As Chicago Schools Reopen, Teacher Scrambles To Keep Kids Safe
MICHEL MARTIN, HOST:
Now to Chicago, the country's third-largest school district, which plans to gradually start bringing students back to school this week. But given the current state of the pandemic, that makes some teachers nervous, like preschool teacher Kirstin Roberts.
KIRSTIN ROBERTS: So I was terrified, honestly, to see the reopening of schools in a school system like the Chicago Public Schools, which is really comprised of students who have been the hardest hit, who have been disproportionately impacted by this pandemic. But, you know, I talked to my colleagues and - who were the other preschool teachers who are being called back into the building, and we also don't want to lose our jobs. And what we decided to do was to show up at our school building but to teach - to continue to teach remotely outside.
MARTIN: This alternative plan is not without controversy. Chicago teachers could face disciplinary actions if they don't show up to teach in the classroom, which could lead to firings. And they can lose pay. Then there's the issue of teaching outside in the middle of a Chicago winter.
ROBERTS: It was cold (laughter). It was cold, and it started to snow just a little bit in the middle of it. It was about 28 degrees, I think. But it started to - you know, flurries, not heavy snow. And we had these blankets. And there's this picture of me - because the media was there.

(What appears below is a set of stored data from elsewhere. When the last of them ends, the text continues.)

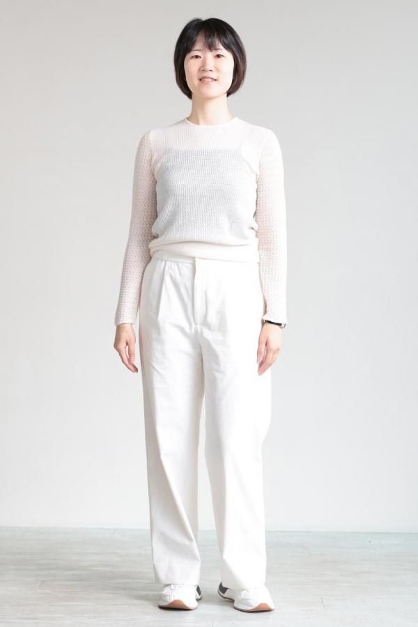 ゆとりを持たせつつも、ヒップ下からストンと落ちるストレートシルエットで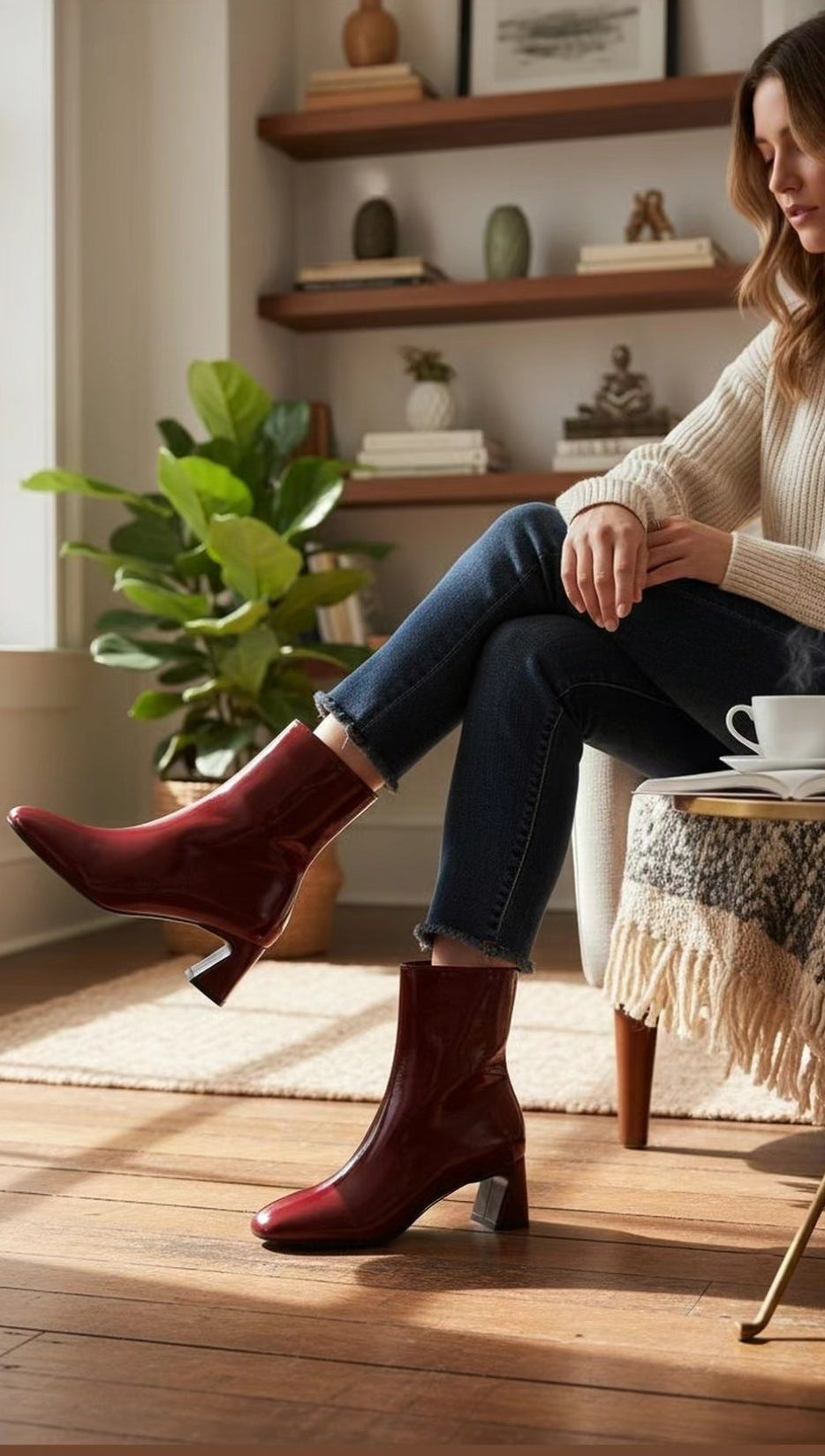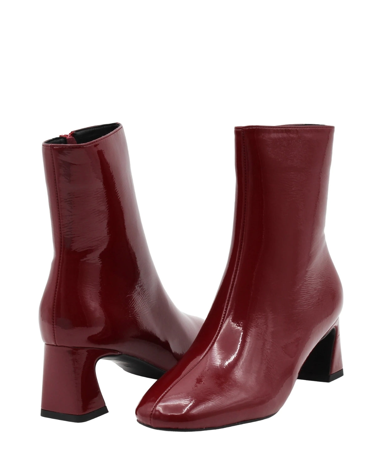 Stivaletto da donna in vernice bordeaux con tacco medio.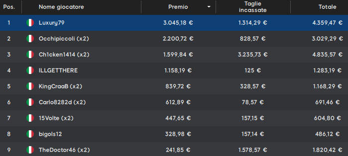 Il primo classificato ‘Luxury79’ prende 4.359 euro totali. Ma possiamo dire che il vero vincitore è il terzo classificato ‘Ch1cken1414‘; questo perché la sua taglia da 3.235 euro gli ha permesso di aggiudicarsi 4.835 euro totali. Bella anche la taglia da 1.578 euro del nono ‘TheDoctor46’.

There's this one picture of me that appeared, and I've got this, like, blanket covering myself and my computer like I'm in a tent, and I'm teaching in the middle of this. And you know what was going through my head in the middle of that? - was, oh, my God, I'm going to get fired, and they're going to charge me for a new computer because the snow is going to short this thing out. So I was really trying to protect that piece of equipment.

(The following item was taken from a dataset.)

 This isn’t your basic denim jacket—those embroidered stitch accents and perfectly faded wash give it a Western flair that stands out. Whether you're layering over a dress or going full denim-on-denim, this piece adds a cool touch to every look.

MARTIN: Despite the challenges, Kirstin Roberts says that her colleagues and the community are committed to keeping people safe. She says the support has made remote teaching more bearable.
ROBERTS: We showed up to teach remotely outside, and they were there, too. Even though they didn't have to come in to work, they chose to do their remote learning day outdoors with us. And they had helped organize things like a parent meal train. So parents were bringing us coffee and hot chocolate and warm soup. They had put out the call for people to bring those little backyard firepits and wood, and people did that. Folks from the community even who are not parents at our school heard about us on the radio and came and dropped us off hand-warmers.
MARTIN: As a preschool teacher, Kirstin Roberts' job is especially challenging because students in her class usually have never been to school before. And the curriculum is very hands-on, which is a challenge during remote learning. Still, she says she's found ways to cope.
ROBERTS: So we said, you know, next week, bring a cardboard box. And we spent several days just exploring what a cardboard box could become and encouraging imaginative play. And so, you know, we had our own cardboard boxes that we climbed inside of and modeled how we were pretending. And we really didn't have to model it because the kids were so immediately drawn to the possibility and potential of what a cardboard box could be transformed into. It was beautiful. You know, they became pirate ships and race cars and trains and houses and caves.
MARTIN: Kirstin Roberts says she hopes to get back into the classroom when she thinks it's safe. And she told us that she plans to continue putting pressure on the school board to make the classroom safe for everyone to return.